◆ **Activity**: The listing below is to be duplicated exactly, with every picture omitted.

[[ Recorded information open ]]

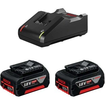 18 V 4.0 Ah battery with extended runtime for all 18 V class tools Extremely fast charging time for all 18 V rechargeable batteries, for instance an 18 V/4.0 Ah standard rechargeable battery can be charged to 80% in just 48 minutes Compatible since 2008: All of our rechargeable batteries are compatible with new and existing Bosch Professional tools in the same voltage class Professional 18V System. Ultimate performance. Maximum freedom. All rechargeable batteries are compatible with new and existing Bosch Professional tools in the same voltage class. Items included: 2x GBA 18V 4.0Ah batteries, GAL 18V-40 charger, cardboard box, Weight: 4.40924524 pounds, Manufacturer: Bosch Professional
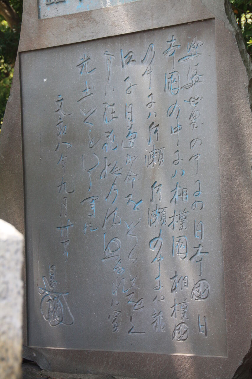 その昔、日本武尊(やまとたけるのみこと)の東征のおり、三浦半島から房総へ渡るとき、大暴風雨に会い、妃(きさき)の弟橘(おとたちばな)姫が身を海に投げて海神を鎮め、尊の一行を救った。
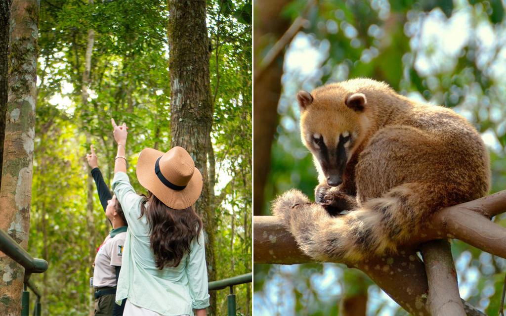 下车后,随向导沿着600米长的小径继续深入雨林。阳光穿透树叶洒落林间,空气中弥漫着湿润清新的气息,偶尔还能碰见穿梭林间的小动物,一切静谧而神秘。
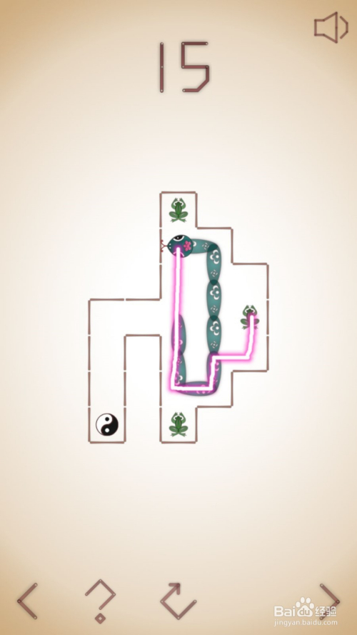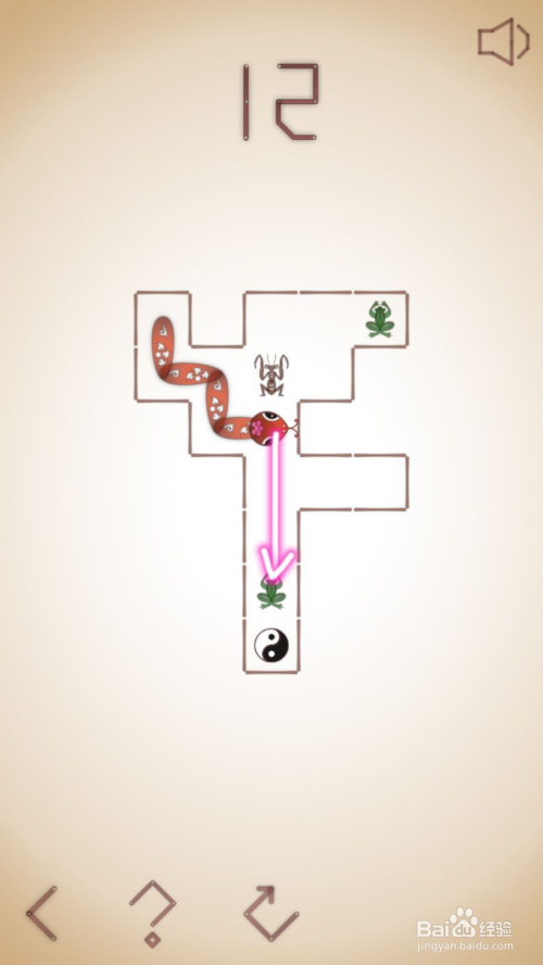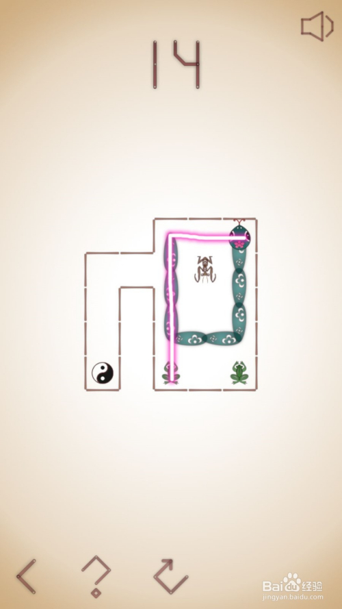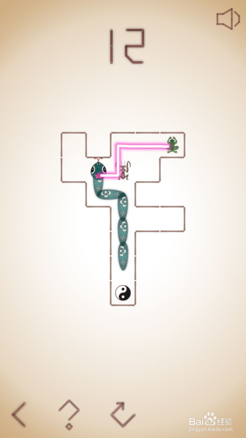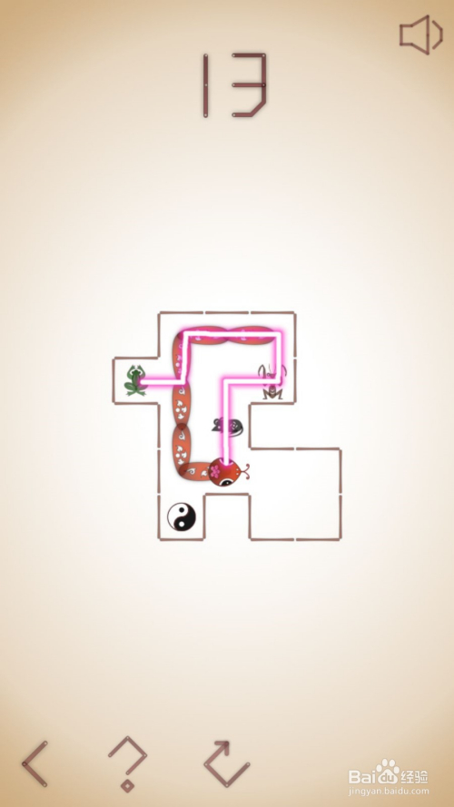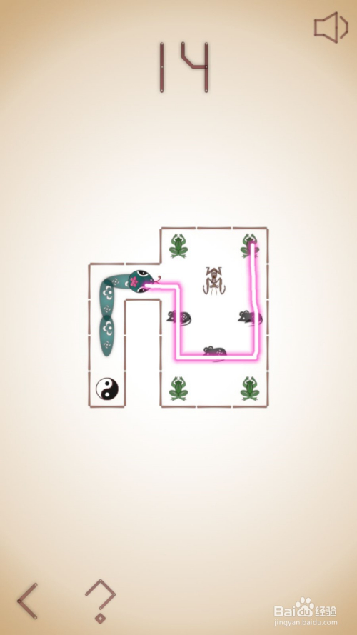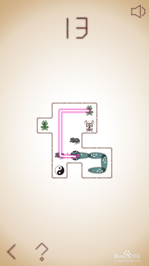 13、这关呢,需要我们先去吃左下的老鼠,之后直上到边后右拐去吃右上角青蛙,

[[ Recorded information closed ]]

◆ **Response box**:
 18 V 4.0 Ah battery with extended runtime for all 18 V class tools Extremely fast charging time for all 18 V rechargeable batteries, for instance an 18 V/4.0 Ah standard rechargeable battery can be charged to 80% in just 48 minutes Compatible since 2008: All of our rechargeable batteries are compatible with new and existing Bosch Professional tools in the same voltage class Professional 18V System. Ultimate performance. Maximum freedom. All rechargeable batteries are compatible with new and existing Bosch Professional tools in the same voltage class. Items included: 2x GBA 18V 4.0Ah batteries, GAL 18V-40 charger, cardboard box, Weight: 4.40924524 pounds, Manufacturer: Bosch Professional
 その昔、日本武尊(やまとたけるのみこと)の東征のおり、三浦半島から房総へ渡るとき、大暴風雨に会い、妃(きさき)の弟橘(おとたちばな)姫が身を海に投げて海神を鎮め、尊の一行を救った。
 下车后,随向导沿着600米长的小径继续深入雨林。阳光穿透树叶洒落林间,空气中弥漫着湿润清新的气息,偶尔还能碰见穿梭林间的小动物,一切静谧而神秘。
 13、这关呢,需要我们先去吃左下的老鼠,之后直上到边后右拐去吃右上角青蛙,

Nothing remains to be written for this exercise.